Dataset extract:

= Beginning of Section =

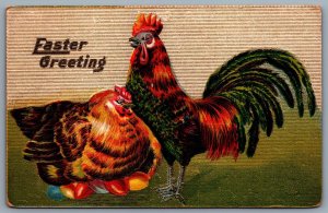 Postcard c1911 Easter Greeting Embossed Colorful Roosters Coloured Eggs Roosting
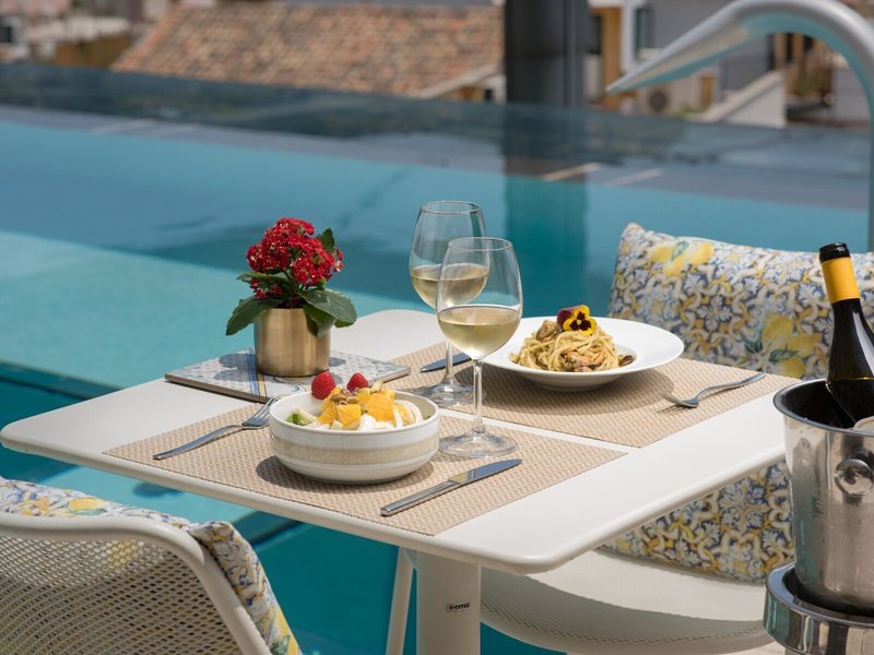 - Restaurant „Zefiro Bar & Restaurant“: Küche: italienisch, mediterran, regional, Fisch/Meeresfrüchte, Babynahrung, Diätküche, glutenfreie Gerichte, lactosefreie Gerichte, saisonale Gerichte, Trennkost, vegetarische Gerichte, vegane Gerichte, Vollwertkost, à la carte, gesetztes Menü, März - Januar, täglich, mit Terrasse, Kinderhochstuhl
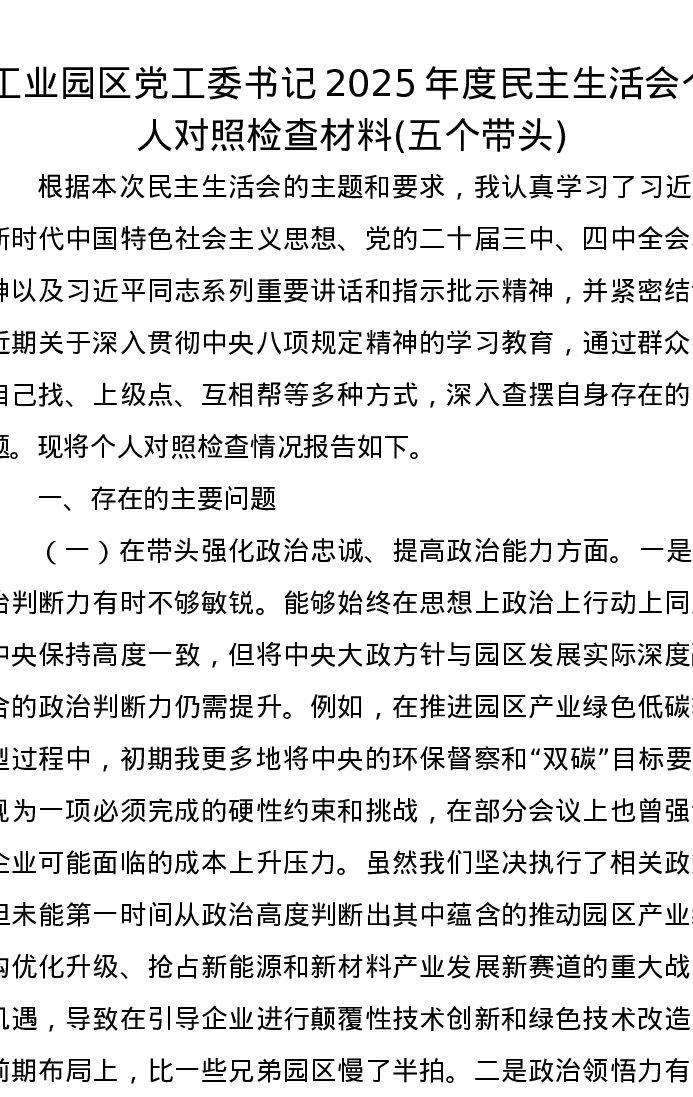 工业园区党工委书记2025年度xxxxx个人对照检查材料(五个带头)

= End of Section =

What you are asked to do: Transcribe the listing exactly. Its images are to be omitted.

Answer for the task:
 Postcard c1911 Easter Greeting Embossed Colorful Roosters Coloured Eggs Roosting
 - Restaurant „Zefiro Bar & Restaurant“: Küche: italienisch, mediterran, regional, Fisch/Meeresfrüchte, Babynahrung, Diätküche, glutenfreie Gerichte, lactosefreie Gerichte, saisonale Gerichte, Trennkost, vegetarische Gerichte, vegane Gerichte, Vollwertkost, à la carte, gesetztes Menü, März - Januar, täglich, mit Terrasse, Kinderhochstuhl
 工业园区党工委书记2025年度xxxxx个人对照检查材料(五个带头)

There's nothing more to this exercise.